In the second region identified in the general failure rate model (the bathtub curve), what is the most common cause for failures?

A) The manufacturing process
B) Fatigue
C) Random Failures
D) All of the above

Answer 40

C - Random failures

The second region of the bathtub curve is the constant failure rate region. This region is characterized by the inherent failure rate of the components of a product

Question 41

Which of the following probability distributions is often used to model the second region of the bathtub curve?

A) Uniform
B) Weibull
C) Exponential
D) Normal

Answer 41

C - Exponential

The second region of a bathtub curve is characterized by a constant failure rate. The exponential distribution is the only probability distribution that has a constant failure rate; therefore, the exponential distribution is often used to model the second region of the bathtub curve.

Question 42

Which of the following probability distributions is often used to model the third regain of the bathtub curve?

A) Uniform
B) Weibull
C) Exponential
D) Normal

Answer 42

B - Weibull

The third region of the bathtub curve, the wear-out region, is characterized by an increasing failure rate over time. This time-dependent failure rate is often modeled using the Weibull distribution.

Question 43

What is the main goal of FMEA?

A) To help reduce the negative effects of potential failures before they occur.
B) To organize the workplace environment.
C) To communicate hierarchical relationships between events.
D) To reduce the number of defects produced in a process.

Answer 43

A - To help reduce the negative effects of potential failures before they occur.

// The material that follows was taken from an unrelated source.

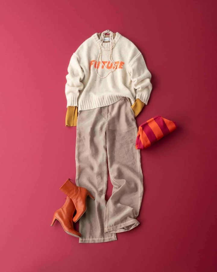 ニットの袖のカラーを使ったレイヤードがポイント。カシミア素材のロゴニットを重ねてカジュアルにした分、シアーパンツの透け感とじゃら付けパールネックレスで華やかなお出掛けムードを演出しました。ショートブーツとバッグの色をロゴのオレンジと揃えて、遊びがありつつもまとまりのあるコーディネートに。

The main goal of an FMEA is to help a team identify and eliminate the potential negative effects of a potential failure before it occurs.

Question 44

A hospital is preparing to do an FMEA for a surgical procedure. Which of the following groups of employees should make up the FMEA team members?

A) One doctor that performs this surgical procedure
B) A nurse and a doctor
C) A doctor, nurse, technician, engineer, business office employee, and manager
D) None of the above

Answer 44

C - A doctor, nurse, technician, engineer, business office employee, and manager

An FMEA team should be composed of a cross-section of employees across several fields. At a minimum, the FMEA team should have a doctor, nurse, technician, engineer and manger. An FMEA team should have members that are both technical and nontechnical to have many viewpoints represented during the process.

Question 45

Which of the following are components of a FMEA?

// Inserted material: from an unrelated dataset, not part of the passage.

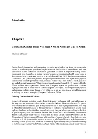 PANDEY, Madhumita (2023). Introduction: Combatting Gender-Based Violence: A Multi-Approach Call to Action. In: PANDEY, Madhumita, (ed.) International Perspectives on Gender-Based Violence. Advances in Preventing and Treating Violence and Aggression (APTVA) . Cham, Springer, 1-11. [Book Section]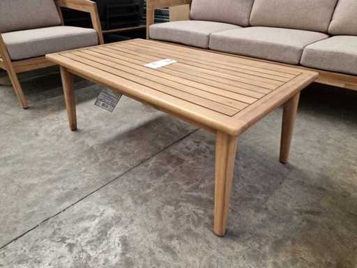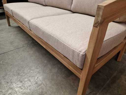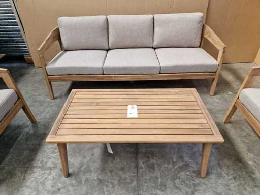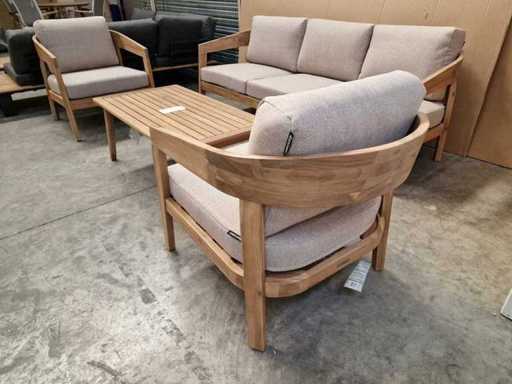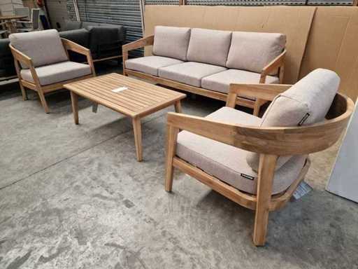 Garden Prestige - Ensemble salon Singapour avec coussins Sable oléfin - Bois Acacia Look teck clair - Coussins lavables avec fermeture éclair - Table basse incluse - Neuf

A) Potential failure modes
B) The risk associated with potential failure modes
C) Corrective action plans
D) All of the above

Answer 45

D = All of the above

An FMEA has several components:
Potential failure modes
Risk associated with each failure mode
Corrective action plans (for most significant failure modes)
Documentation on the system

Question 46

An FMEA team has identified a potential failure and assessed the following score for severity, occurrence, and detection for this failure mode: 8, 2, 6. What is the RPN for this failure mode?

A) 16
B) 8
C) 96
D) None of the above

Answer 46

C - 96

The Risk Priority Number (RPN) is determined by multiplying the three components of risk together: severity, occurrence, and detection. Therefore,
RPN = 2 x 8 x 6 = 96

Question 47

What is the main goal of an FMECA?

A) To reduce the number of defects produced in a process
B) To develop a prioritization scheme for corrective action plans.
C) To organize the workplace environment
D) To communication hierarchical relationships between events.

Answer 47

B - To develop a prioritization scheme for corrective action plans.

An FMECA is an assessment of risk that provides a prioritization of corrective action based on severity and occurrence of failure modes.